Приказав дежурному адъютанту без особой на то необходимости не беспокоить его, Деникин прошел в сумрачный кабинет, разделся. Следовало, бы, наверное, прилечь, принять аспирин, а может, и вздремнуть, пока в штабе относительно тихо, пока командующие его наполовину обескровленных, разбросанных по российским просторам армий знакомятся с изменившейся за ночь обстановкой, отдают командирам частей и соединений срочные умные или глупые распоряжения и вырабатывают со своими штабистами планы на очередной, еще один день войны. Где-то через час начнется всенепременная суета – полетят в ставку доклады экстренные, требующие немедленного ответа телеграммы и донесения, командующие будут вызывать его для разговоров по прямому проводу и все как один требовать: резервов, резервов, резервов!..

Надо бы прилечь, надо. Да только какой уж тут сон!

Что произошло, что случилось? Почему вся летне-осенняя кампания, имевшая столь великолепное начало, многообещающее развитие, не получила и уже вряд ли получит достойное завершение?

В соответствии с директивой главнокомандующего вооруженными силами Юга России 12 сентября 1919 года Добровольческая, Кавказская и Донская армии перешли в общее наступление по всему фронту – от румынской границы до Волги. Цель у всех была одна – Москва.

Тщательно спланированная операция имела прекрасное обеспечение. Что ни день ложились на стол Деникина штабные сводки о прибытии в черноморские порты французских, английских, американских транспортов. К началу похода на Москву его армии получили от союзников тысячу артиллерийских орудий, пять тысяч пулеметов, более трехсот тысяч винтовок, сотню с лишним танков, огромный запас боеприпасов для всех видов оружия, тысячи и тысячи комплектов обмундирования, несметные тонны продовольствия…

С началом наступления военные поставки не прекращались. Но далеко не все из поставляемого союзниками добра доходило до фронта: что-то безнадежно портилось саботажниками-рабочими при выгрузке, что-то улетучивалось из пакгаузов, что-то расхищалось или гибло при транспортировке. Всякое известие об этом приводило Деникина в ярость. Торговцы, промышленники, тыловые герои, били себя в грудь, клялись в верности России, все хотели стать Миниными и Пожарскими, а сами норовили содрать процент побольше, слямзить, фукнуть, слимонить, стибрить, спроворить…
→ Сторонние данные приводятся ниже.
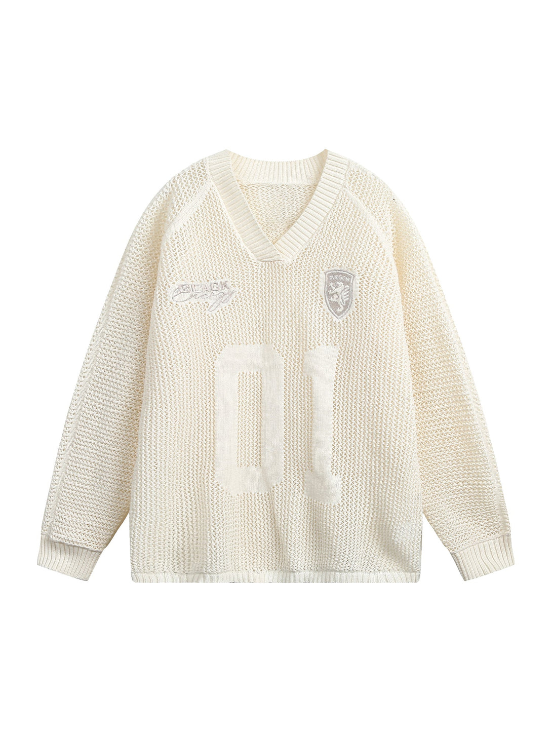 Our oversized varsity sweater is built from chunky cotton knit with precision-perforated construction designed for athletic-inspired styling and enhanced breathability. The deep V-neck and loose-fit proportions create comfortable layering potential while maintaining structured texture, while the contrast numbering and logo patches develop authentic varsity character that celebrates classic athletic heritage. Pullover styling, wrinkle-resistant finishing, and strategic perforation zones ensure functional performance that transitions seamlessly from casual comfort to statement streetwear.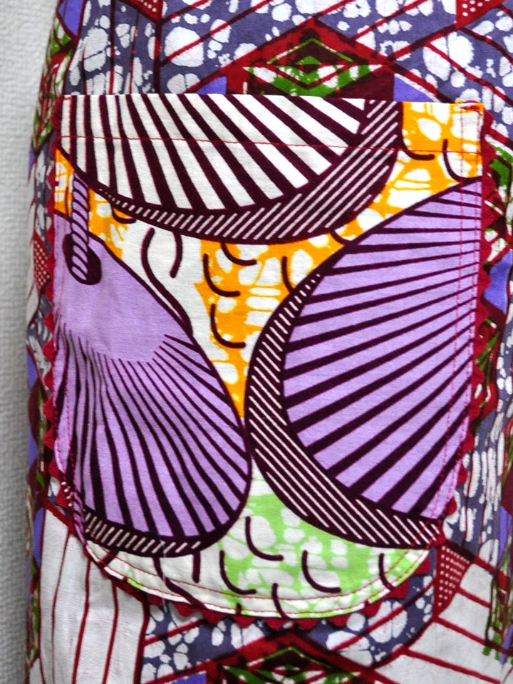 ポケット(両脇にひとつずつ)には山道テープをつけました。二重にステッチでしっかりと縫っているため、丈夫です。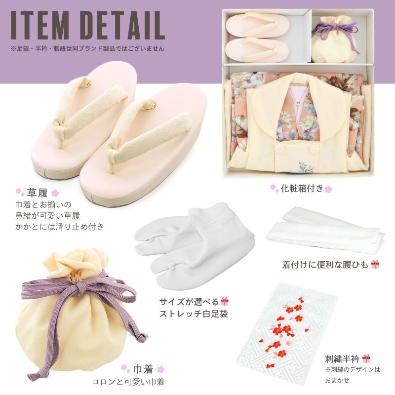 【商品内容】長襦袢・着物・重ね衿(縫い付け済)・被布コート・巾着・草履・刺繍半襟(プレゼント)・足袋(プレゼント)・腰ひも2本(プレゼント)の計9点

А уж когда был уничтожен направленный на усиление Добровольческой армии Ковалевского состав с танками, когда выяснилось – как и кем, он, Деникин, на некоторое время даже дар речи потерял. Пригреть в адъютантах красного лазутчика, предоставив ему возможность снабжать свое командование секретнейшими сведениями, позволив ему сгубить десятки так необходимых армии танков, – это, пожалуй, и не ротозейство уже, а нечто иное!

Кто же прошляпил Кольцова? Ковалевский ни при чем. Здесь вина прежде всего начальника контрразведки Добровольческой армии полковника Щукина. Ладно, с ним разбираются. А вот с Ковалевским надо что-то решать. Надо вывести его из состояния затянувшейся прострации, пока он окончательно не потерял управление войсками. В последнее время Ковалевский запил. Конечно, пьяный проспится, дурак никогда. Чисто по-человечески его можно если не понять, так хотя бы пожалеть. Но умей же держать себя, черт возьми, в руках! Боевой, заслуженный генерал, а ведет себя, как забеременевшая гимназистка. До того дошло, что в ставке начали поговаривать: выдохся Ковалевский, не тянет – на посту командующего Добровольческой армией нужен другой человек!

Нет, господа! Ковалевский еще послужит. Повоюет за Отечество. Он по крайней мере прямодушен и честен, козней не строит. В Великую войну на пулеметы, командуя дивизией, в первых рядах ходил.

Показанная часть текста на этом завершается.